Любимая история дедушки:
Блокадный Ленинград. Некая мама водит трехлетнего мальчика в сад, пешком, на другой конец города. Зима. Они долго идут по улицам. На пути тут и там попадаются трупы – убирать некому. Мальчик уже знает их всех наизусть и помнит, кто где лежит. Некоторые покойники кажутся ему хорошими и добрыми, а некоторые – плохими и злыми, и, каждый раз, приближаясь к какому-нибудь злому, он просит маму обойти это место. И тогда они идут другой дорогой.
Всю ночь я проплакала, под утро мне снилось, что я кого-то убила, короче, на следующий день вид у меня был ни к черту.
– Что с тобой? – спросил Миша, вернувшись утром с «Мосфильма».
– Меня Пал Палыч обидел.
– Бедненькая… А ты с ним не водись.
– Не могу…
Люблю ли я Пал Палыча? О да. Но странною любовью. То есть по-своему. Если перевести на человеческий язык, это значит, что по каким-то причинам одному нравится мучить другого. Как заниматься по вторникам верховой ездой или играть в гольф.

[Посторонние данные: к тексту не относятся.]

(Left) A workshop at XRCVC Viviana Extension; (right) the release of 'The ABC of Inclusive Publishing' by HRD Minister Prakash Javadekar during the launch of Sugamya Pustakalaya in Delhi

Может ли человек прожить без гольфа? Конечно, может. Но чем тогда занять вторник?
Миша:
– Знаешь, почему Пал Палыч хромает?
– Почему?
– Потому что у него копытца в ботинках. Старый фавн!
Наш фавн все гоняется за молодыми нимфами. Вчера звонил Ниловой: «Я вас напечатаю, я вас напечатаю…»
Нилова мне:
– Он как вообще, нормальный человек?
– Нормальный. Поводит тебя сначала по ресторанам…

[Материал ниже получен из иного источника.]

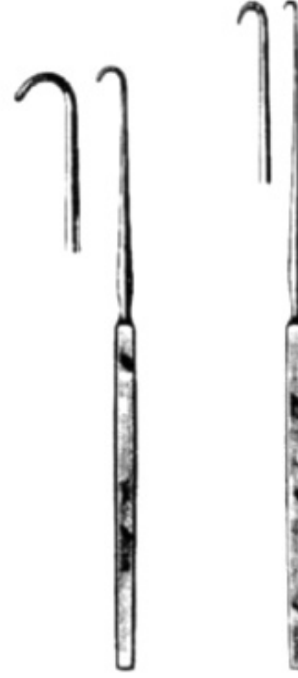
GRAHAM 35-130 16.5cm SACHS 35-140 16.5cm

– Да? Он что, навязчивый? Приставать не будет? А то у меня муж ревнивый.
– Да нет… не будет, наверное…
– Так в чем проблема-то?
– А ни в чем…
И все же – в чем проблема-то?! В чем?
А меж тем мы вчера напились, и ночью Миша занимал любовью мое бесчувственное тело, а у меня все мешалось в сознании, и я представляла, что это не Миша, а Пал Палыч.
Ну как это понимать?
– Да не расстраивайся ты так! – сказала Нилова. – По-моему, тебе просто надо отдохнуть от всех твоих мужиков. Хочешь, поехали ко мне на дачу в Старую Руссу…
– Спасибо, – поблагодарила я верную Нилову и отказалась: – Боюсь, не получится. В воскресенье мы уезжаем в Нижний Новгород. Миха опять выставляется. Уже билеты купили.
Поезд идет очень медленно, и это завораживает. Я сижу у окна и смотрю на поля. Взгляд скользит по равнинам колосьев; косогоры с кулисами темных дубовых лесов… Я что-то придумываю… почти что невольно… Миша листает «Справочник редактора» Гиленсона – взяли от скуки в дорогу.
И я уже чувствовала рождение фразы, но тут, господи боже, Михаил, который до этого упорно и меланхолично молчал, вдруг, ни с того ни с сего, дернул меня за рукав.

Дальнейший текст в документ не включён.